Data extracted from a collection:
....................
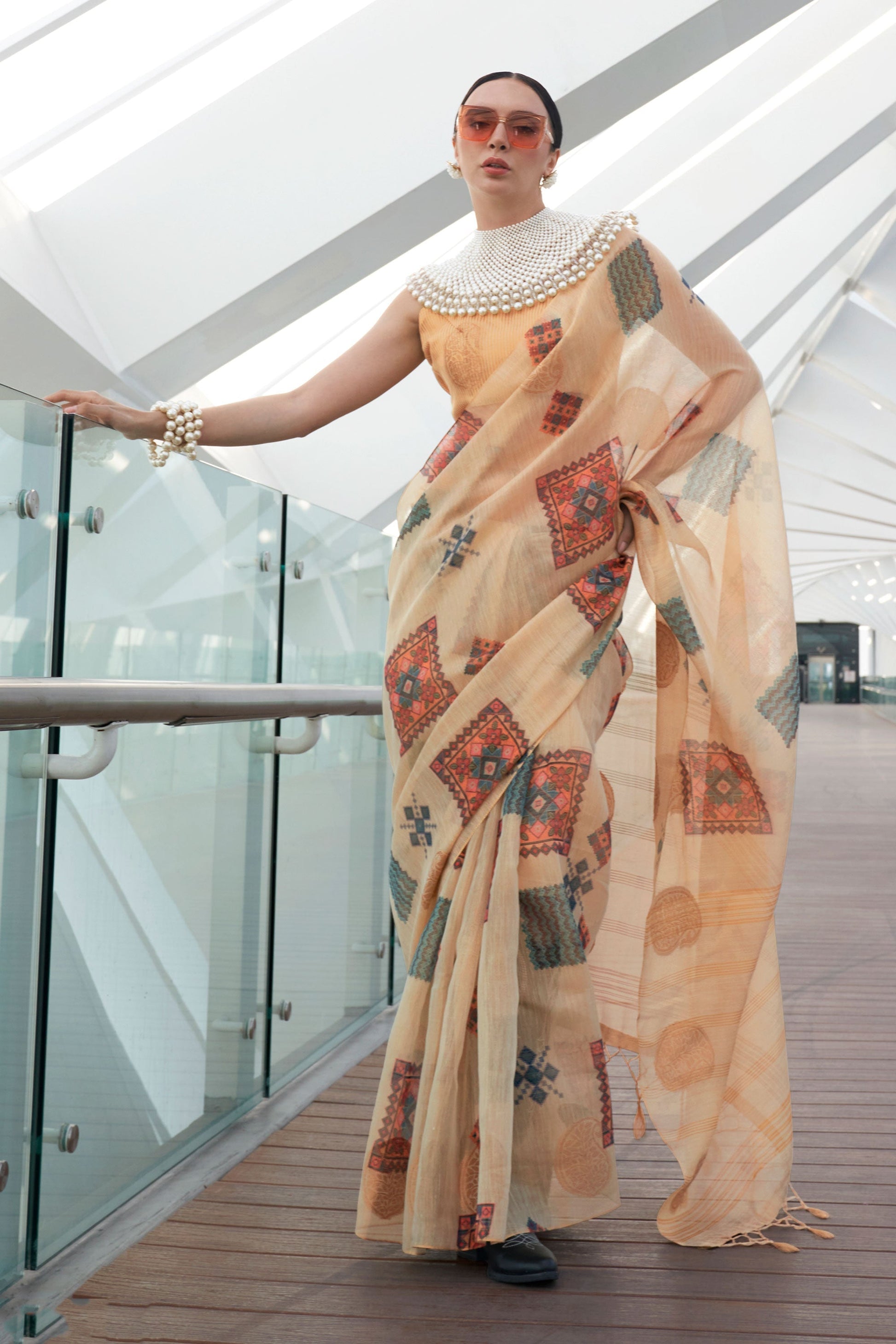 आर्ट सिल्क फैब्रिक क्रीम कलर साड़ी पर अविश्वसनीय मुद्रित कार्य
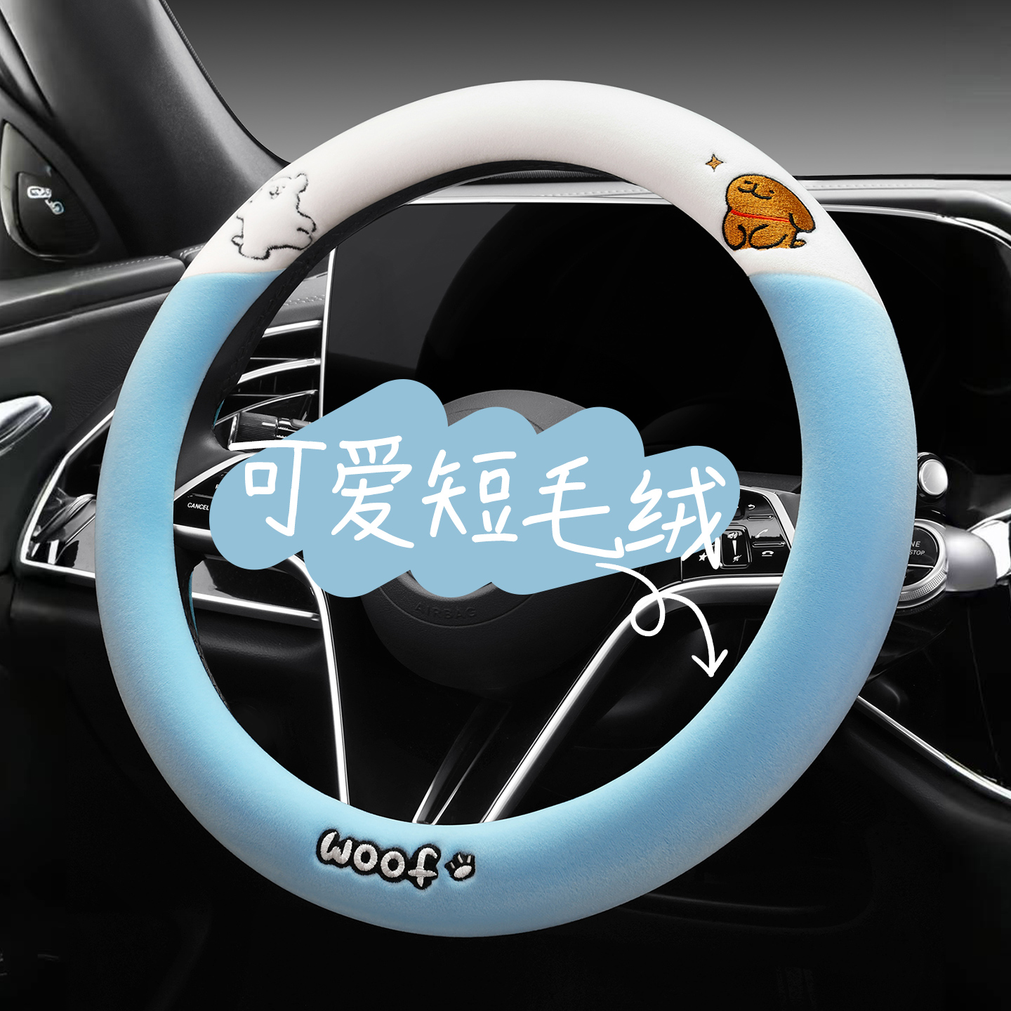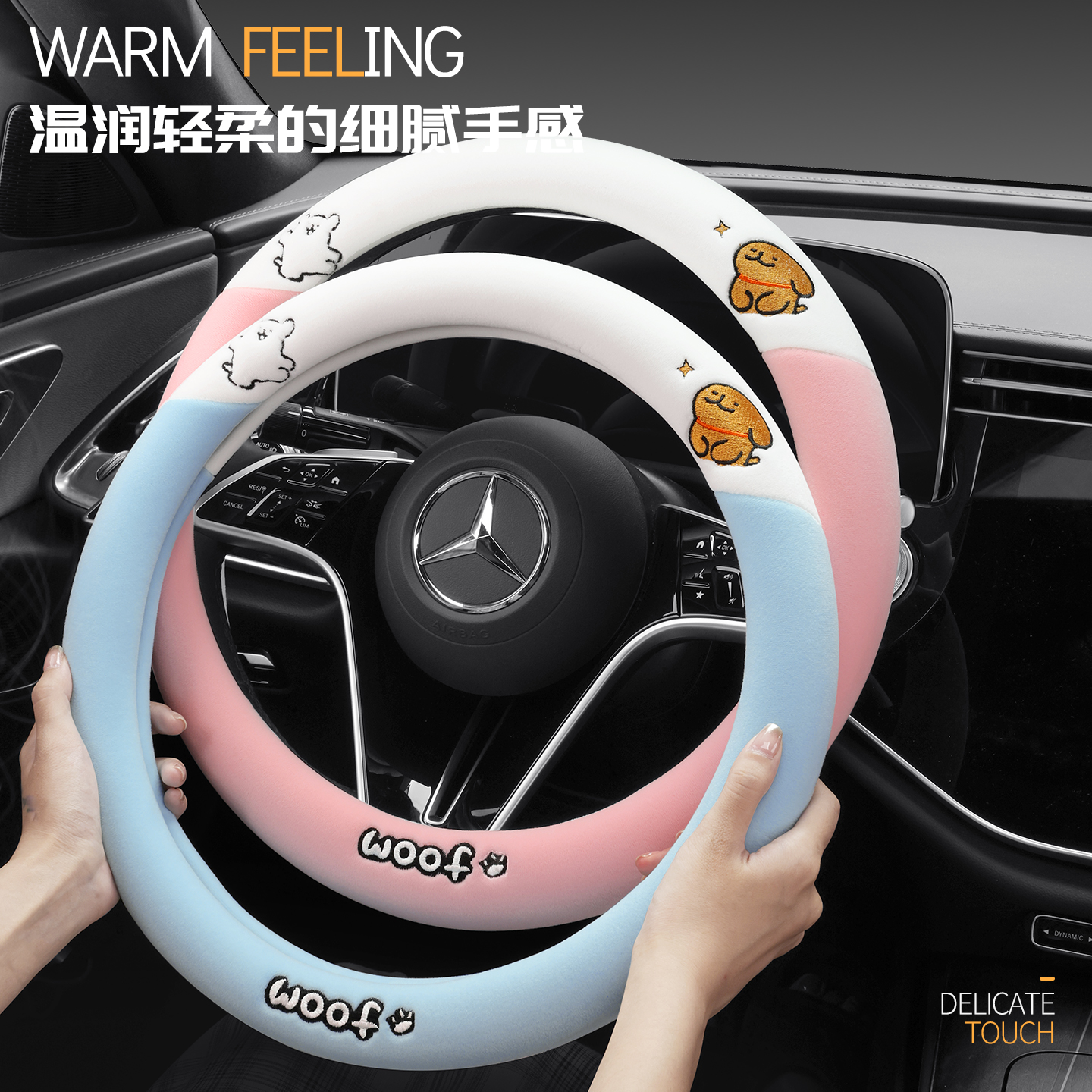 汽车方向盘套婴儿绒四季 d型汽车保护把套子 通用防滑吸汗男女冬季
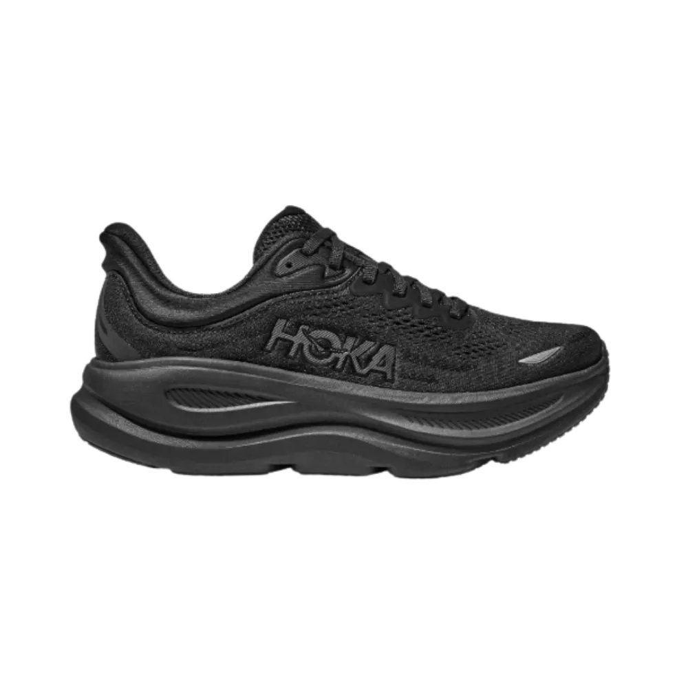 The Bondi 9 showcases a meticulously engineered construction, featuring a structured knit upper designed for optimal breathability. The upper incorporates engineered mesh composed of 55% recycled polyester, promoting both sustainability and performance. Key elements include a 3D molded collar, a padded tongue and heel collar, and a durable Durabrasion rubber outsole.
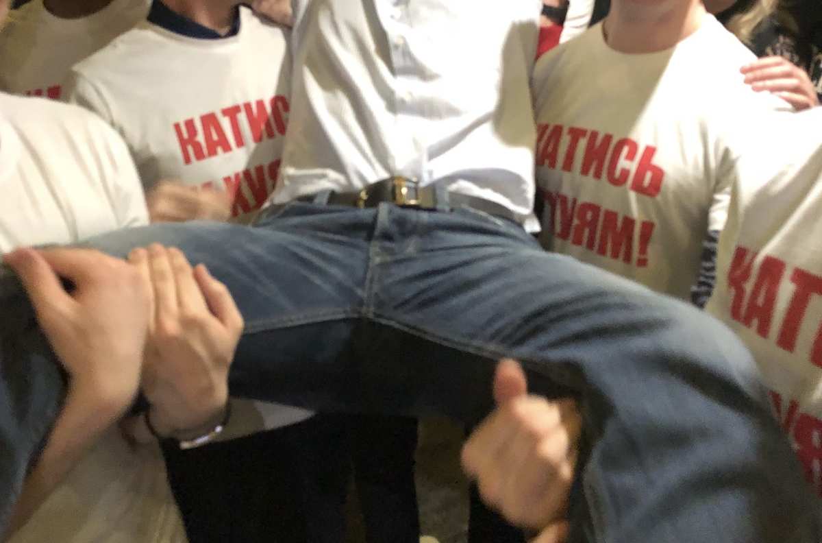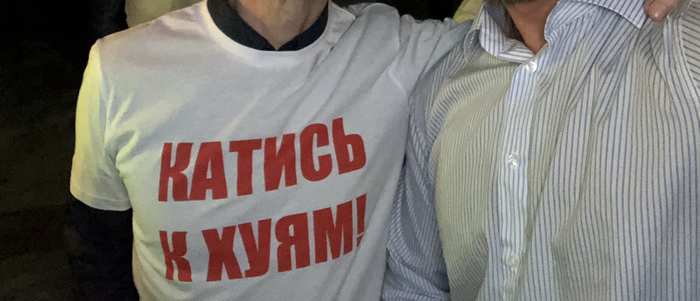 В течение вечера мы только общались, выпивали и хохотали)) Никакого пафоса. Зато был офигенный сюрприз от друзей! Пока несколько человек меня отвлекали, все гости надели футболки с надписью: «Катись к хуям» (ну это у нас юмор такой)! Было очень приятно и ржачно!!!
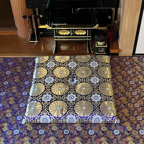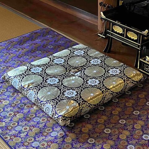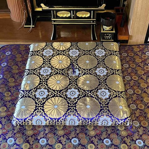 金襴生地を使用し荘厳性を高め、中綿には、圧縮綿を使用している為、安定した座り心地を保ち足がつかれにくく、型崩れしにくい座布団です。
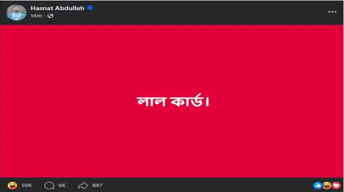 হাসনাত আবদুল্লাহ পোস্টে লেখেন, লাল কার্ড।
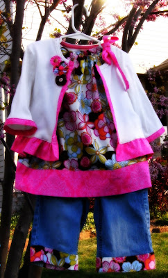 For instance, Endeavor's shirt had a stain on it, towards the hemline. So, I cut off the shirt above the hem, cut up to the neckline, and trimmed the edges with fabric so it became a cropped cardigan.
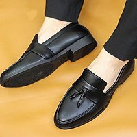 Giầy tây giày lười nam hàn quốc đen bóng cách tân
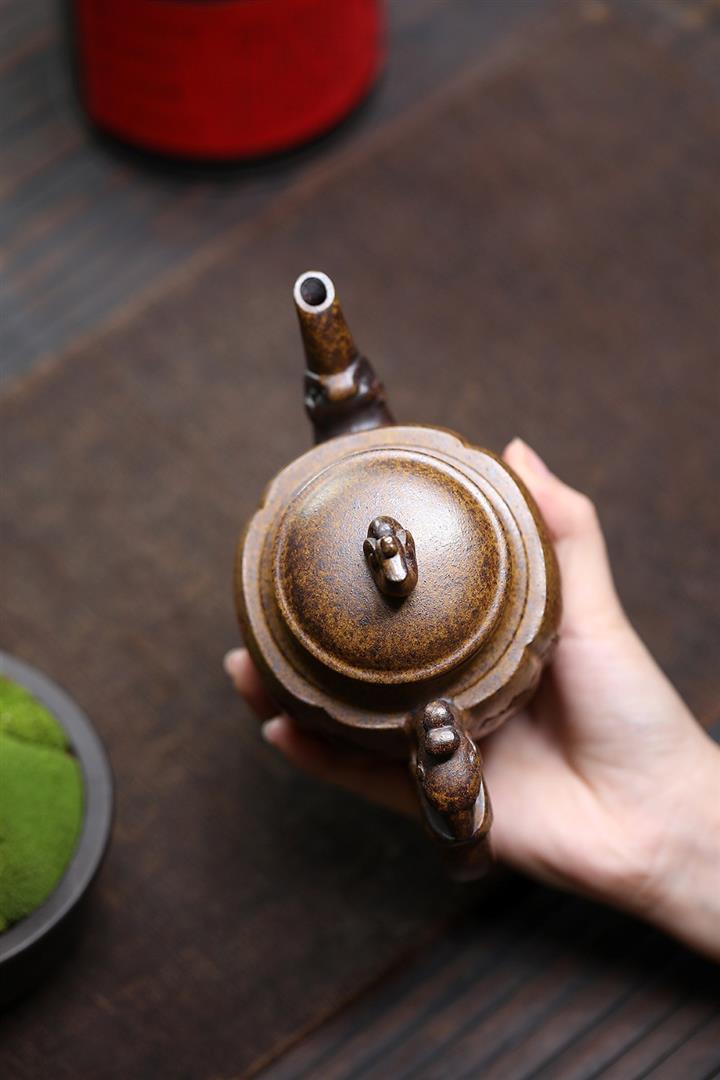 原礦大紅袍焐灰筋紋錦囊茶壺POT7785
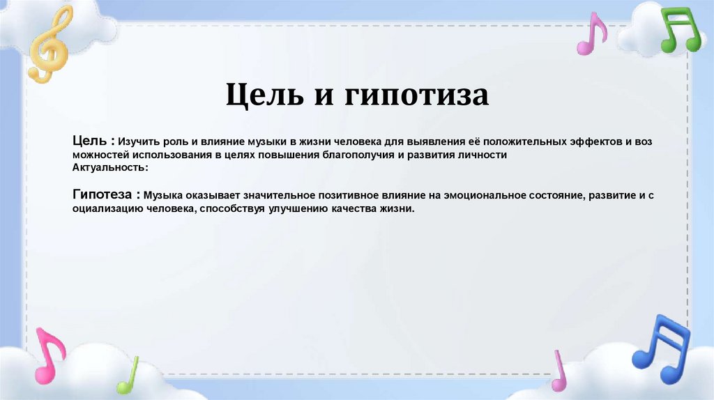Цель и гипотизаЦель : Изучить роль и влияние музыки в жизни человека для выявления её положительных эффектов и воз
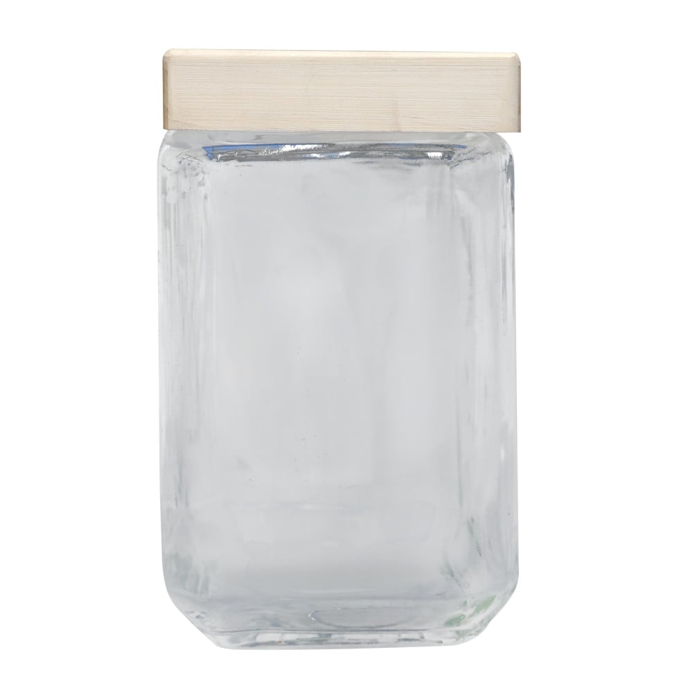 Transparent glass design allows viewing of the interior content of the jar, making it easy to identify stored products. The wooden lid provides a safe and durable closure to maintain the freshness and quality of the food stored inside.
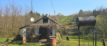 Vasváron, zártkerti övezetben eladó egy 1651 m²-es telken fekvő, tégla építésű hétvégi ház (gazdasági épület besorolás).
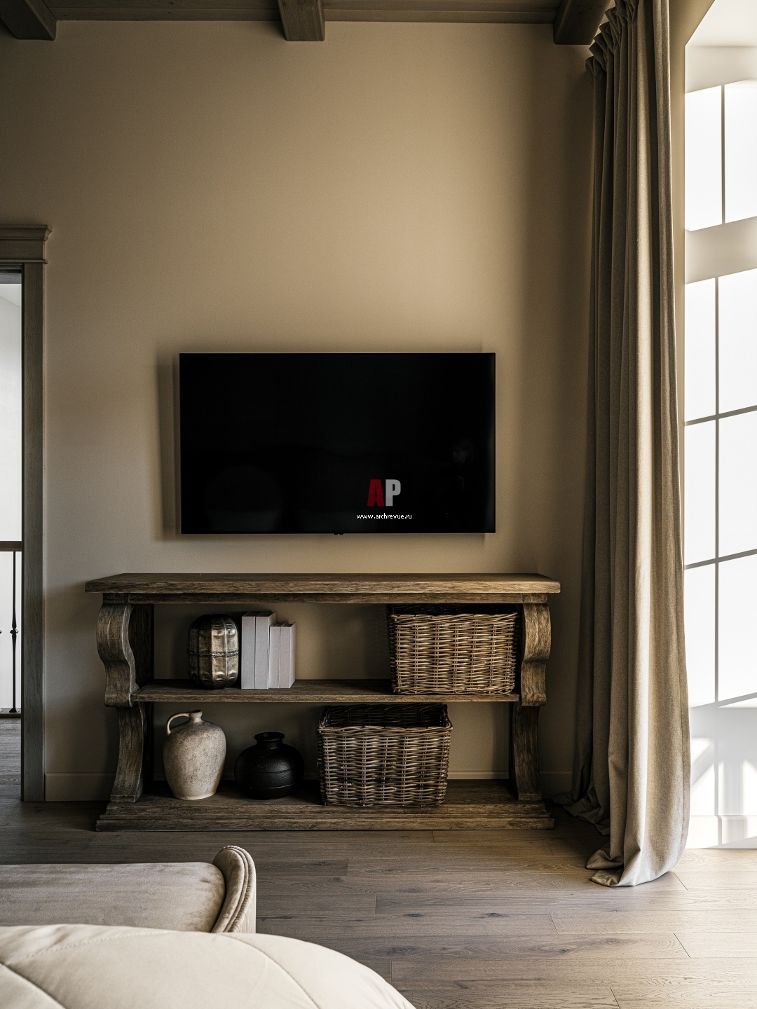 Гостиная оформлена в светлой палитре с тактильными фактурами.
....................
Exercise objective: Omit every picture, then write out the entries above exactly.

Solved exercise:
 आर्ट सिल्क फैब्रिक क्रीम कलर साड़ी पर अविश्वसनीय मुद्रित कार्य
 汽车方向盘套婴儿绒四季 d型汽车保护把套子 通用防滑吸汗男女冬季
 The Bondi 9 showcases a meticulously engineered construction, featuring a structured knit upper designed for optimal breathability. The upper incorporates engineered mesh composed of 55% recycled polyester, promoting both sustainability and performance. Key elements include a 3D molded collar, a padded tongue and heel collar, and a durable Durabrasion rubber outsole.
 В течение вечера мы только общались, выпивали и хохотали)) Никакого пафоса. Зато был офигенный сюрприз от друзей! Пока несколько человек меня отвлекали, все гости надели футболки с надписью: «Катись к хуям» (ну это у нас юмор такой)! Было очень приятно и ржачно!!!
 金襴生地を使用し荘厳性を高め、中綿には、圧縮綿を使用している為、安定した座り心地を保ち足がつかれにくく、型崩れしにくい座布団です。
 হাসনাত আবদুল্লাহ পোস্টে লেখেন, লাল কার্ড।
 For instance, Endeavor's shirt had a stain on it, towards the hemline. So, I cut off the shirt above the hem, cut up to the neckline, and trimmed the edges with fabric so it became a cropped cardigan.
 Giầy tây giày lười nam hàn quốc đen bóng cách tân
 原礦大紅袍焐灰筋紋錦囊茶壺POT7785
Цель и гипотизаЦель : Изучить роль и влияние музыки в жизни человека для выявления её положительных эффектов и воз
 Transparent glass design allows viewing of the interior content of the jar, making it easy to identify stored products. The wooden lid provides a safe and durable closure to maintain the freshness and quality of the food stored inside.
 Vasváron, zártkerti övezetben eladó egy 1651 m²-es telken fekvő, tégla építésű hétvégi ház (gazdasági épület besorolás).
 Гостиная оформлена в светлой палитре с тактильными фактурами.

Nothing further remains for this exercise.